WHAT THE TASK REQUIRES: Please retype all of the records below word for word, leaving out any pictures.

DATASET EXTRACT:
BEGIN
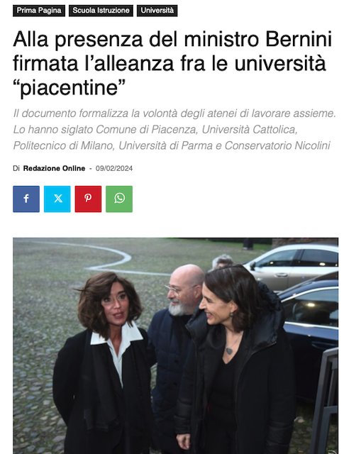 E proprio la prima cittadina di Piacenza durante il suo intervento ha ringraziato l’assessore, rendendogli merito per il grande lavoro fatto in questi mesi. Con il ministro Bernini che a sua volta si è associata pubblicamente nei complimenti a Brianzi per il bel risultato ottenuto a Piacenza.
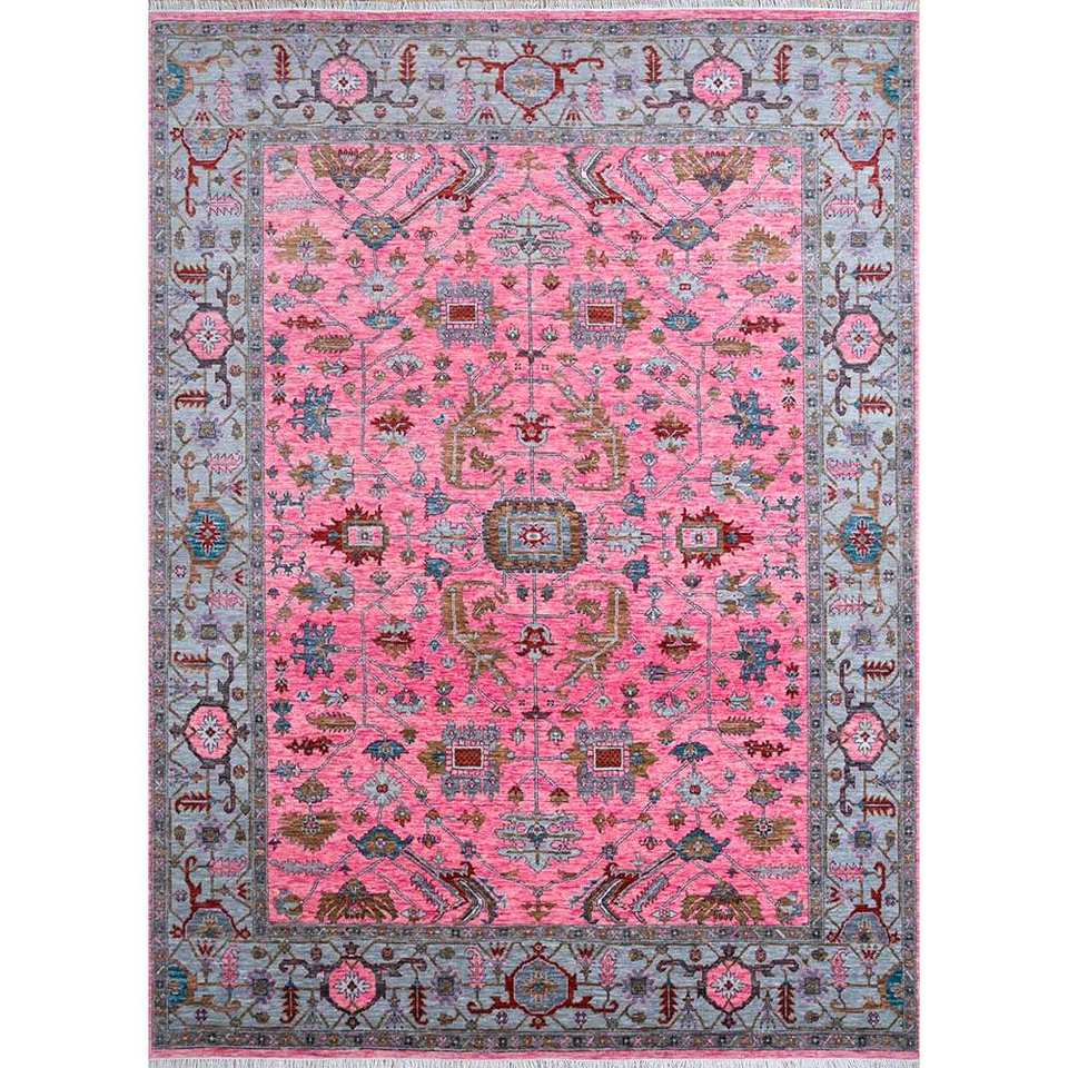 Alfombras de Lana Anudadas a Mano Cyanna 9x12, Rectangulares con Medallón Rosa y Morado, para Decoración de Sala de Estar - Modelo Skwl-259
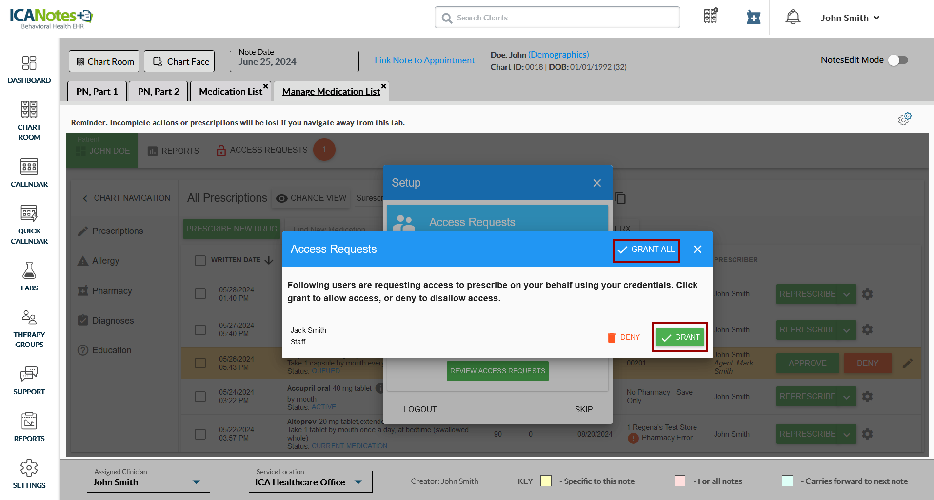 When users with the 'eRx Administrator' and 'Support eRx' roles are invited to ICANotes+, a request is automatically sent to the clinician to grant permission to prescribe medications. Once the clinician approves the request, the invited users can prescribe medications on behalf of the clinicians.
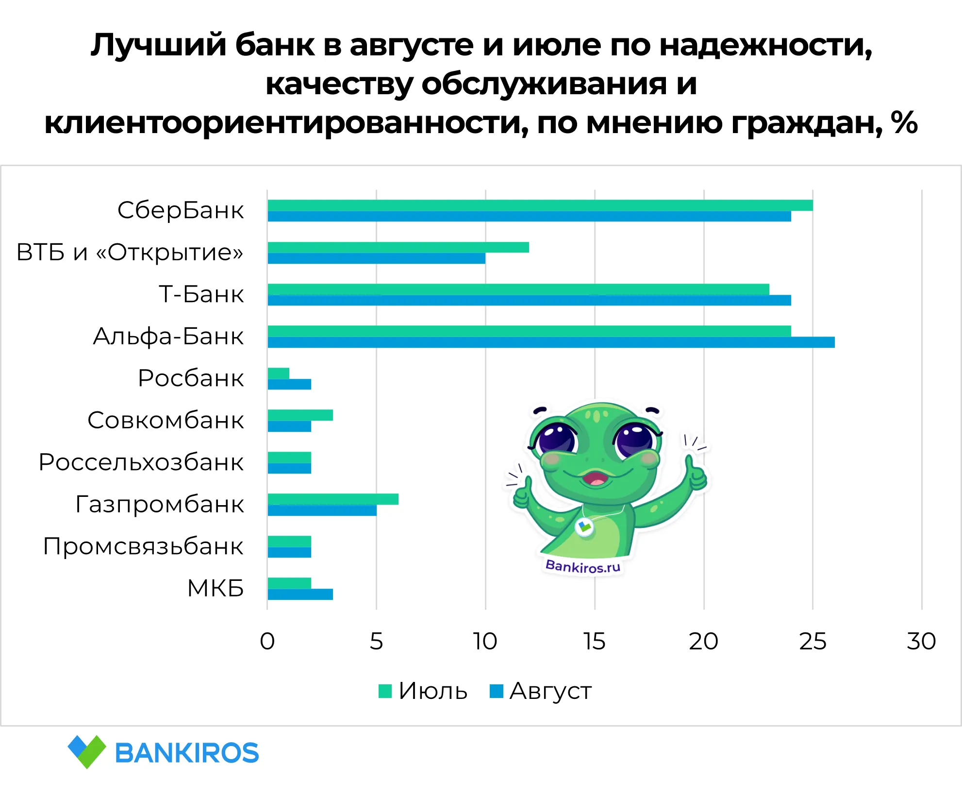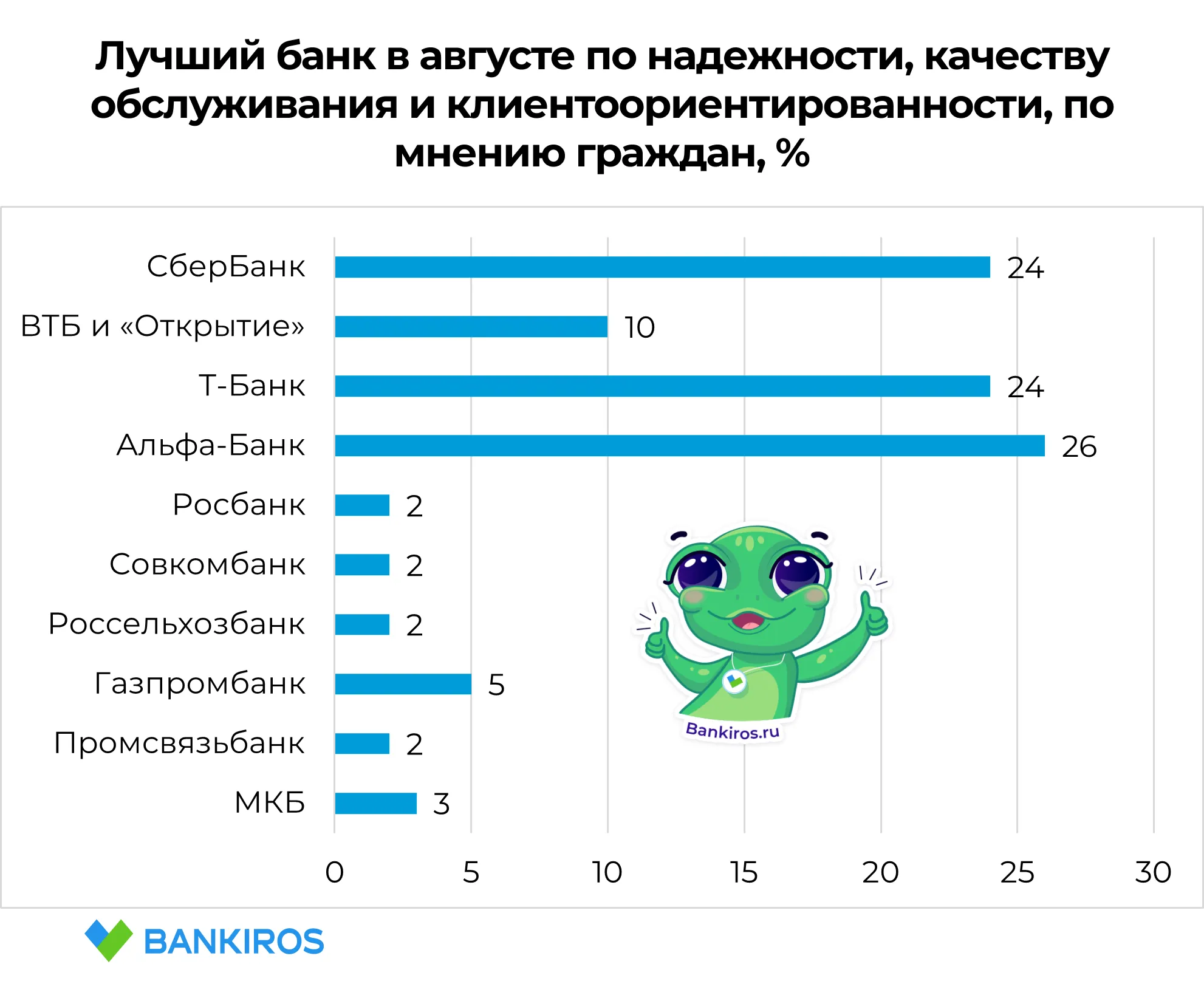 Альфа-Банк стал лучшим банком в августе. Сбер и Т-Банк традиционно вошли в тройку лидеров среди системно значимых кредитных организаций по надежности, качеству обслуживания и клиентоориентированности, говорится в исследовании Bankiros.ru.
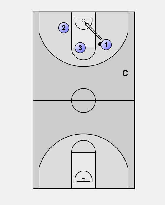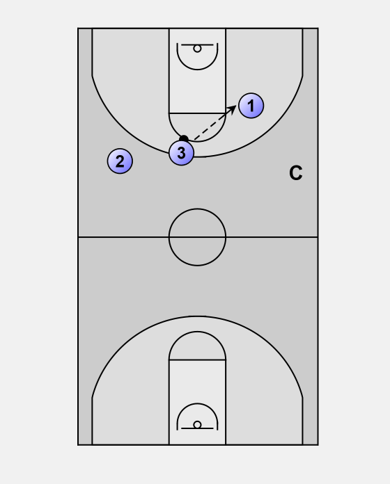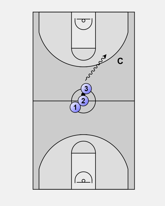 Player 3 tries to score (shot or lay-up). All three players have to contest the rebound.
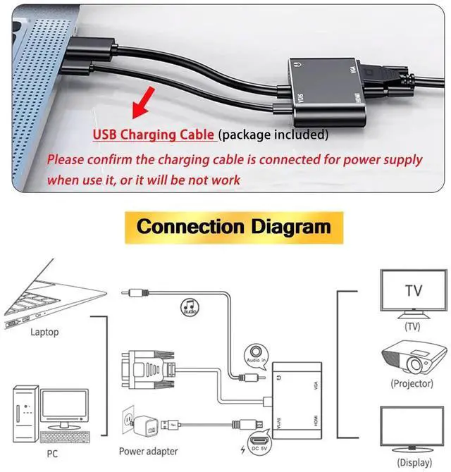 - [Durable and Portable]: Aluminum frosted shell, which has the advantages of anti-skid, wear-resistant, anti-scratch, etc. This VGA adapter is easy to carry on a business trip in your laptop bag. You can expand the computer screen to a large screen(Projector/Monitor) for presentation. It is super convenient for meetings and family entertainment.
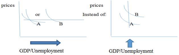 The simplest way to observe how changes in the economy affect employment and inflation in the Phillips Curve model is that some variable causes supply to change in the economy, the short-run demand curve shifts either to the right or left. Shifts to the right increase employment and GDP temporarily, but raise prices. Shifts to the left reduce employment and GDP temporarily, but lower prices. Despite temporary changes, firms, faced with more or fewer employees, will raise or lower wages, causing the short-term supply curve to shift back to its long-term level (Arnold, 1998) . In effect, most economists prefer that wages fall in recessions so firms have more money, shifting the supply curve outwards to reach full employment, as it did, for instance, in the U.K’s 2014 recovery (Pettinger, 2014
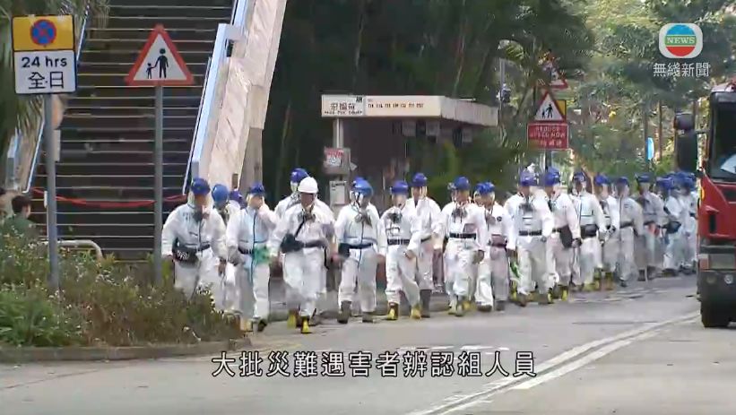 大批身穿全套保護衣物的災難遇害者辨認組人員,第三日到宏福苑搜索,多名消防人員亦到場調查。
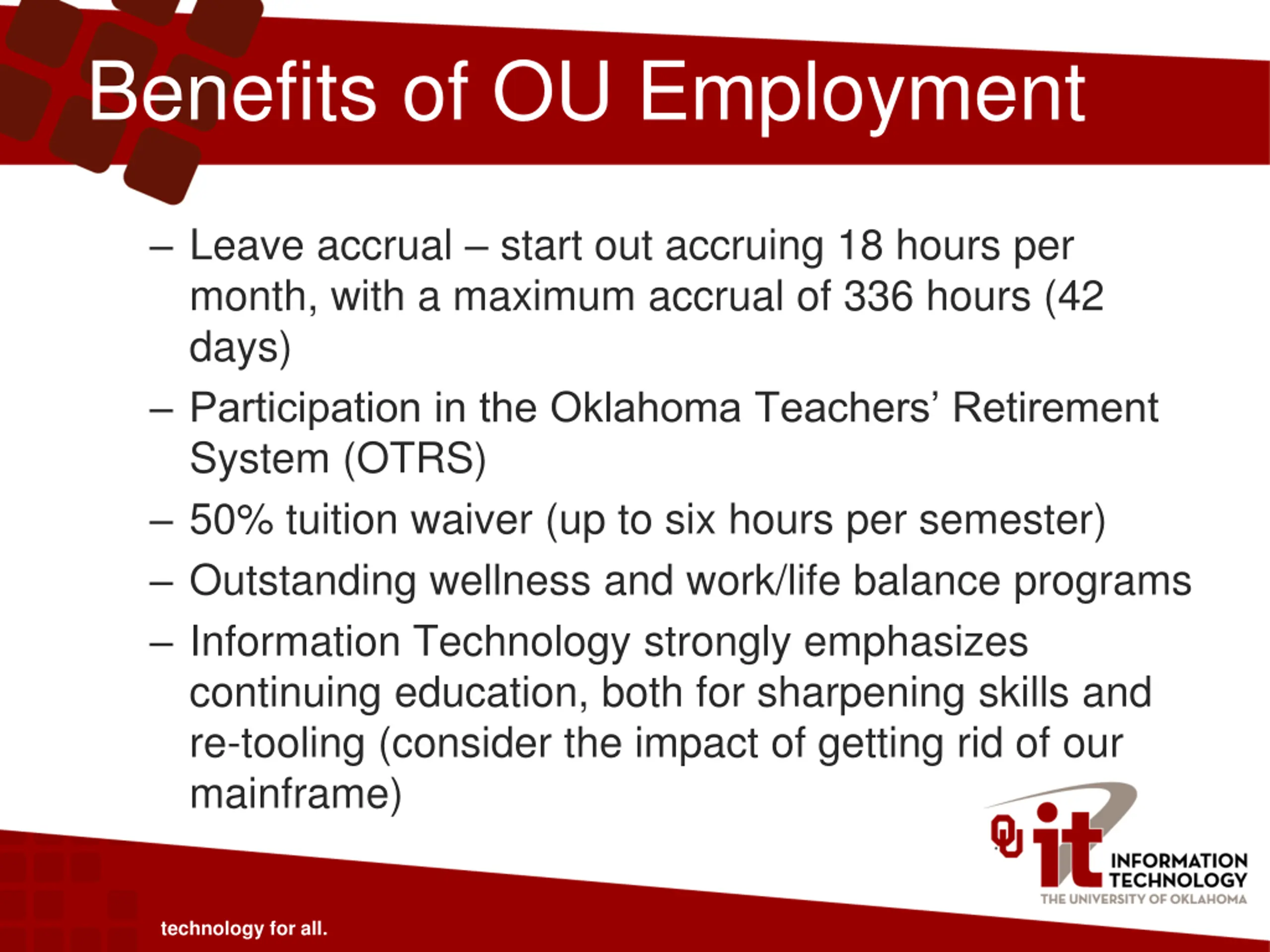 Benefits of OU Employment Leave accrual start out accruing 18 hours per month, with a maximum accrual of 336 hours (42 days) Participation in the Oklahoma Teachers Retirement System (OTRS) 50% tuition waiver (up to six hours per semester) Outstanding wellness and work/life balance programs Information Technology strongly emphasizes continuing education, both for sharpening skills and re-tooling (consider the impact of getting rid of our mainframe) technology for all.
END
ANSWER SECTION:
 E proprio la prima cittadina di Piacenza durante il suo intervento ha ringraziato l’assessore, rendendogli merito per il grande lavoro fatto in questi mesi. Con il ministro Bernini che a sua volta si è associata pubblicamente nei complimenti a Brianzi per il bel risultato ottenuto a Piacenza.
 Alfombras de Lana Anudadas a Mano Cyanna 9x12, Rectangulares con Medallón Rosa y Morado, para Decoración de Sala de Estar - Modelo Skwl-259
 When users with the 'eRx Administrator' and 'Support eRx' roles are invited to ICANotes+, a request is automatically sent to the clinician to grant permission to prescribe medications. Once the clinician approves the request, the invited users can prescribe medications on behalf of the clinicians.
 Альфа-Банк стал лучшим банком в августе. Сбер и Т-Банк традиционно вошли в тройку лидеров среди системно значимых кредитных организаций по надежности, качеству обслуживания и клиентоориентированности, говорится в исследовании Bankiros.ru.
 Player 3 tries to score (shot or lay-up). All three players have to contest the rebound.
 - [Durable and Portable]: Aluminum frosted shell, which has the advantages of anti-skid, wear-resistant, anti-scratch, etc. This VGA adapter is easy to carry on a business trip in your laptop bag. You can expand the computer screen to a large screen(Projector/Monitor) for presentation. It is super convenient for meetings and family entertainment.
 The simplest way to observe how changes in the economy affect employment and inflation in the Phillips Curve model is that some variable causes supply to change in the economy, the short-run demand curve shifts either to the right or left. Shifts to the right increase employment and GDP temporarily, but raise prices. Shifts to the left reduce employment and GDP temporarily, but lower prices. Despite temporary changes, firms, faced with more or fewer employees, will raise or lower wages, causing the short-term supply curve to shift back to its long-term level (Arnold, 1998) . In effect, most economists prefer that wages fall in recessions so firms have more money, shifting the supply curve outwards to reach full employment, as it did, for instance, in the U.K’s 2014 recovery (Pettinger, 2014
 大批身穿全套保護衣物的災難遇害者辨認組人員,第三日到宏福苑搜索,多名消防人員亦到場調查。
 Benefits of OU Employment Leave accrual start out accruing 18 hours per month, with a maximum accrual of 336 hours (42 days) Participation in the Oklahoma Teachers Retirement System (OTRS) 50% tuition waiver (up to six hours per semester) Outstanding wellness and work/life balance programs Information Technology strongly emphasizes continuing education, both for sharpening skills and re-tooling (consider the impact of getting rid of our mainframe) technology for all.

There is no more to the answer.